Exact copy, no pictures: return only the lines below from the line with "Police Station Lodging" up to and including the line with "c'est galère ^^).".

Start of DATA

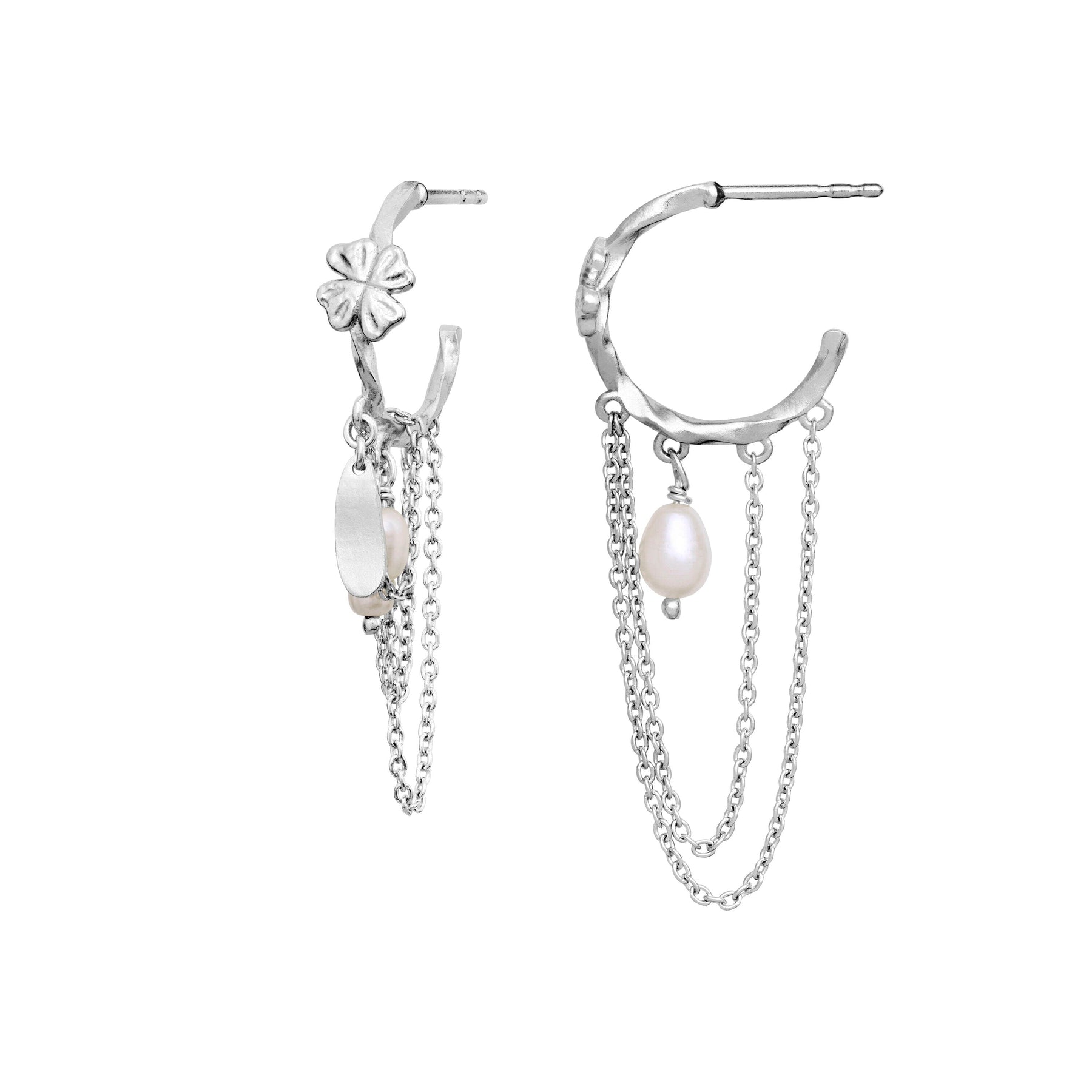 Øredobber fra Maanesten med blomstermotiv og flere kjeder. Designet kombinerer resirkulert sterlingsølv med ferskvannsperler i sølvfarge.
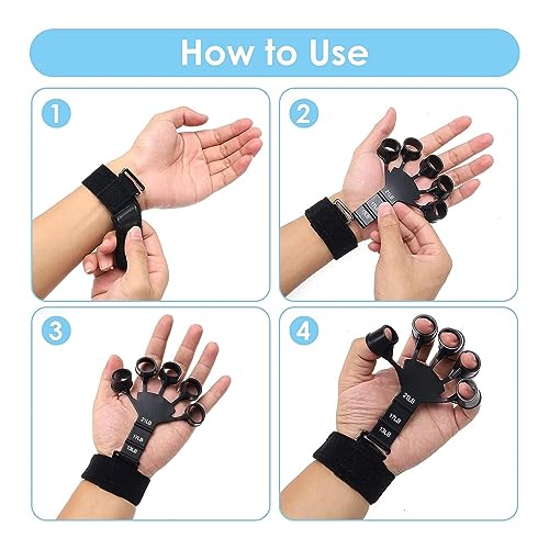 SKY-TOUCH - مقوي الأصابع لتدريب وتقوية قبضة اليد بتصميم 6 مستويات لمقاومة الأصابع لتمديد مرونة الأصابع للموسيقيين ولاعبي رياضة تسلق الصخور من سكاي-تاتش، قطعة واحدة / قطعتين
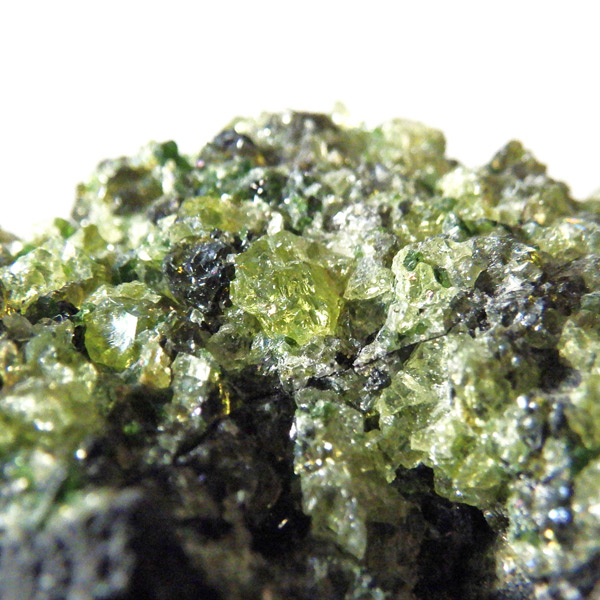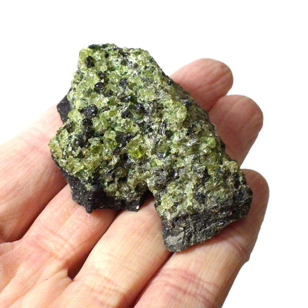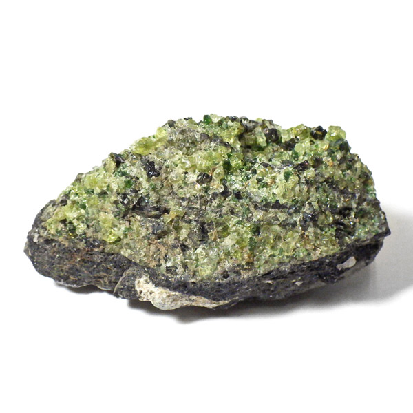 アメリカ・アリゾナ州産のペリドット(ペリドタイト)母岩付き原石です。鉱物名をオリビンと呼ぶのですが、日本では宝石名のペリドットが浸透しています。和名は橄欖(かんらん)石といいます。主にグリーンの結晶がかんらん石でチャコールグレーの母岩が玄武岩です。かんらん石は月の岩石や石質隕石、石鉄隕石にも含まれており、鉄の含有量によって、白色から黒色まで色調が変化します。かんらん石は地球の上部マントルの主要構成鉱物でマグマの噴火によって溶岩の塊に運ばれて地表に出てきます。まさにその姿を切り取ったようなこの原石は、様々な濃淡の結晶が多面にわたり観察できます。
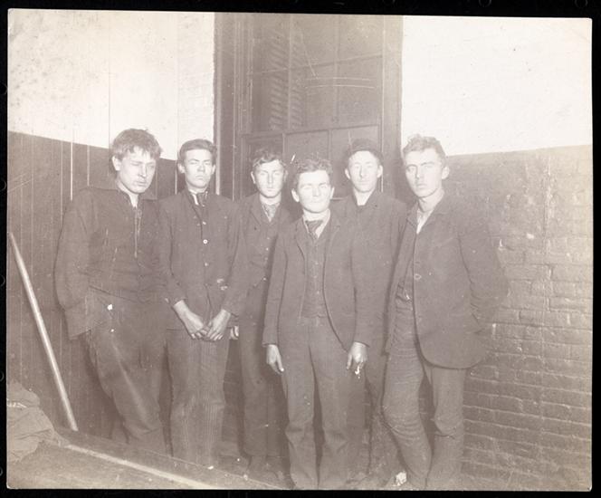 Police Station Lodging Room 4. Oak Street Station, Six boys picked out of the draft in the men's lodging room.
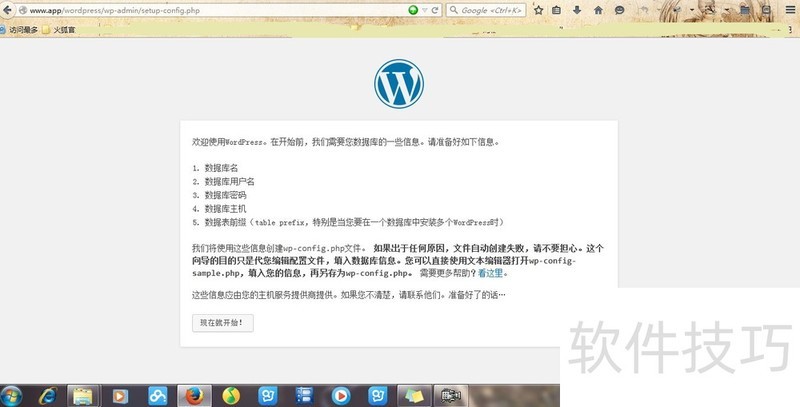 7、 打开软件,选择Localhost,将出来wordpress安装网页。点击现在就开始!进入安装过程。
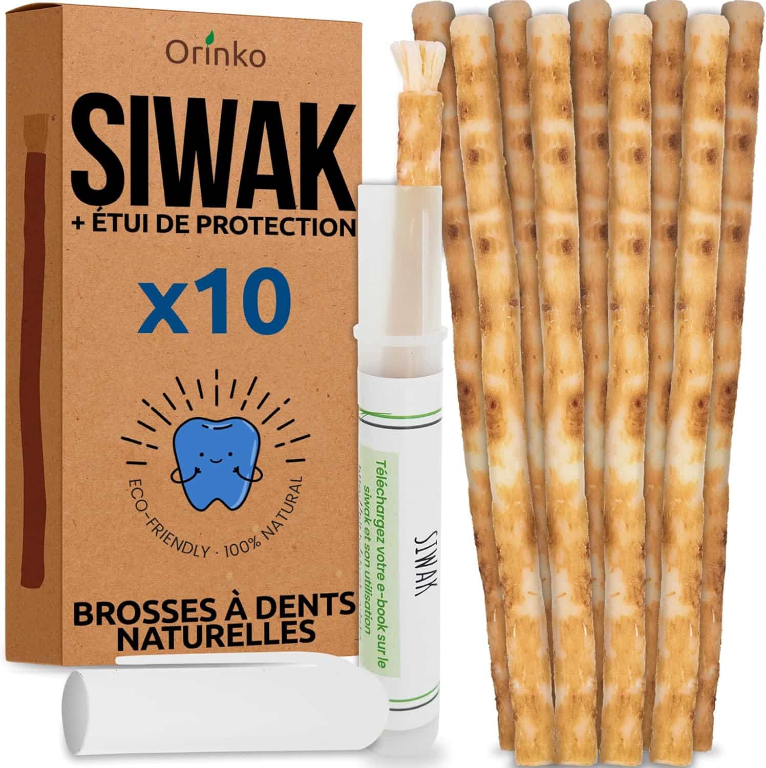Siwak x10 avec 1 Étui de Protection – Brosse à Dents 100% Naturelle – Nettoyant, Désinfectant et Blanchissant – Écologique, Biodégradable et Végan – Ebook Offert
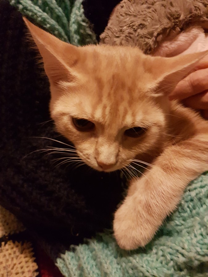 : Ce matin grosse guerre pour pouvoir lui donné les 2 seringues >< j'ai du m'y prendre a 3 pauses avec jambon pour qu'il revienne sinon je me bataillé pour le faire tenir entre mes bras. ( on a essayé avec mon père hier soir a deux c'est galère ^^).
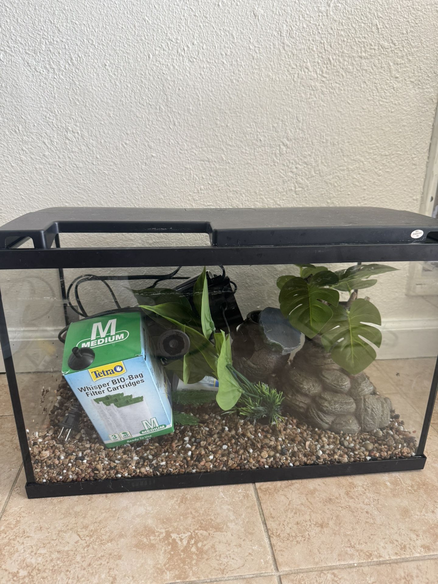 Bought this tank recently, but my fish died.. More work than I thought.. everything’s new. Comes with a little LED light and water conditioning + everything in the photos
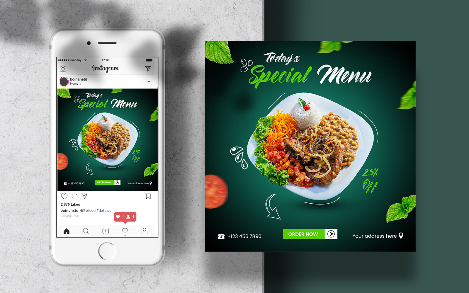 Download Шаблон для соцсетей "Food Instagram Template Banner Post for Social Media" / Food Instagram Template Banner Post for Social Media - Шаблон для соцсетей на тему графика nstagram template,instagram post,marketing,food,layout,poster,square,feed,menu,social media,restaurant,fast food,templates,food template,instagram feed,foodstuff,banner template,healthy food,
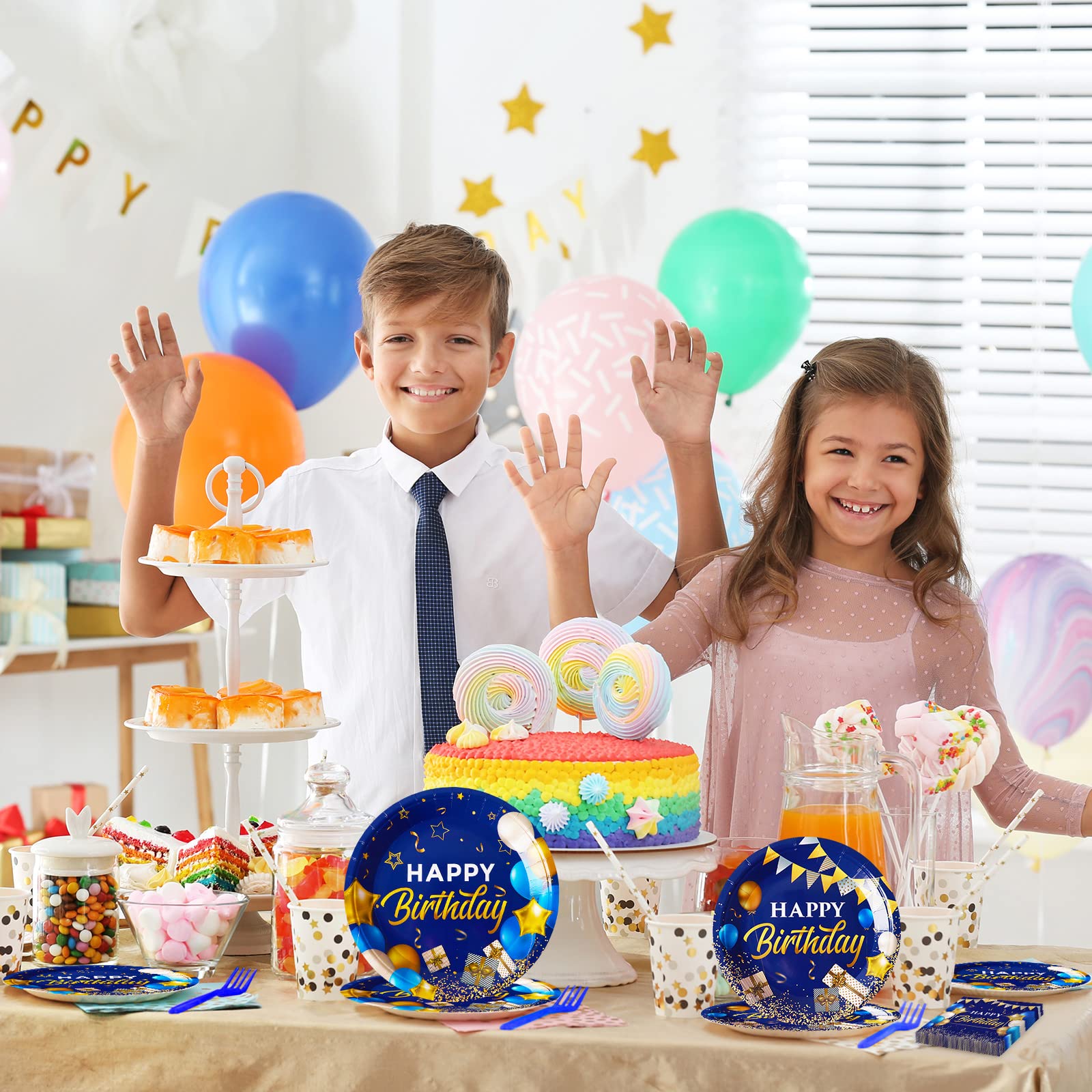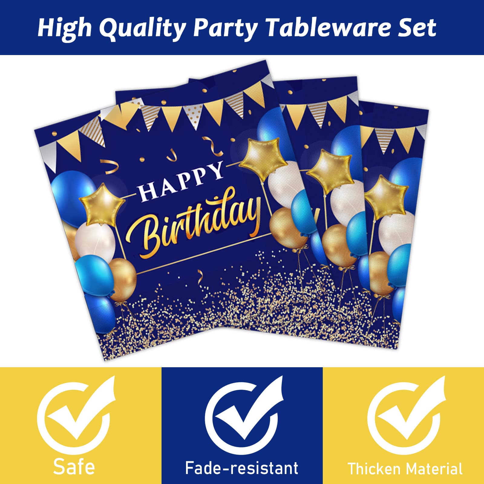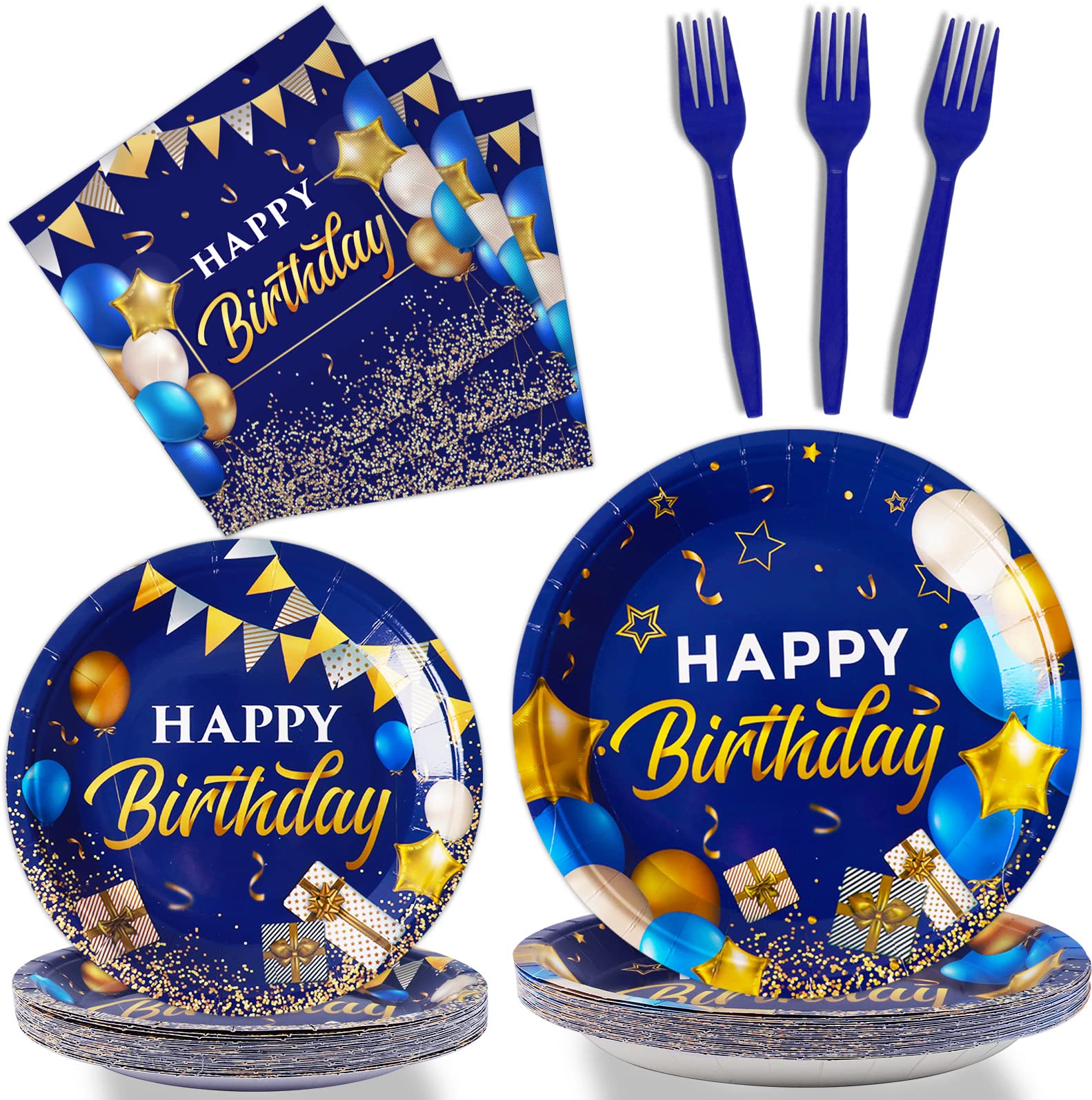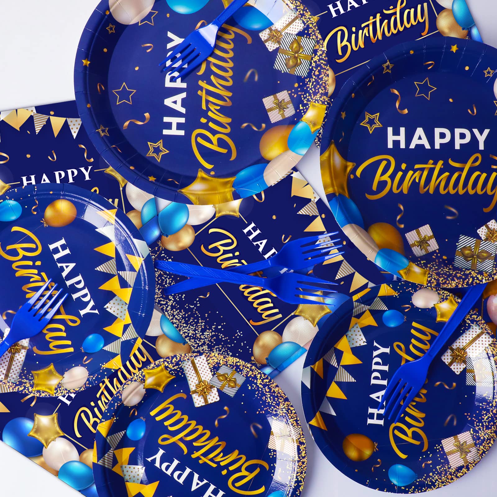 【Premium Material】All of our blue and gold theme plates and napkins are made of quality paper, non-toxic, no smell, heat-resistant and durable. The pattern and color are well-printed and fade-resistant to provide you with a party that full of happy birthday atmosphere.

End of DATA

**ANSWER BOX:**
 Police Station Lodging Room 4. Oak Street Station, Six boys picked out of the draft in the men's lodging room.
 7、 打开软件,选择Localhost,将出来wordpress安装网页。点击现在就开始!进入安装过程。
Siwak x10 avec 1 Étui de Protection – Brosse à Dents 100% Naturelle – Nettoyant, Désinfectant et Blanchissant – Écologique, Biodégradable et Végan – Ebook Offert
 : Ce matin grosse guerre pour pouvoir lui donné les 2 seringues >< j'ai du m'y prendre a 3 pauses avec jambon pour qu'il revienne sinon je me bataillé pour le faire tenir entre mes bras. ( on a essayé avec mon père hier soir a deux c'est galère ^^).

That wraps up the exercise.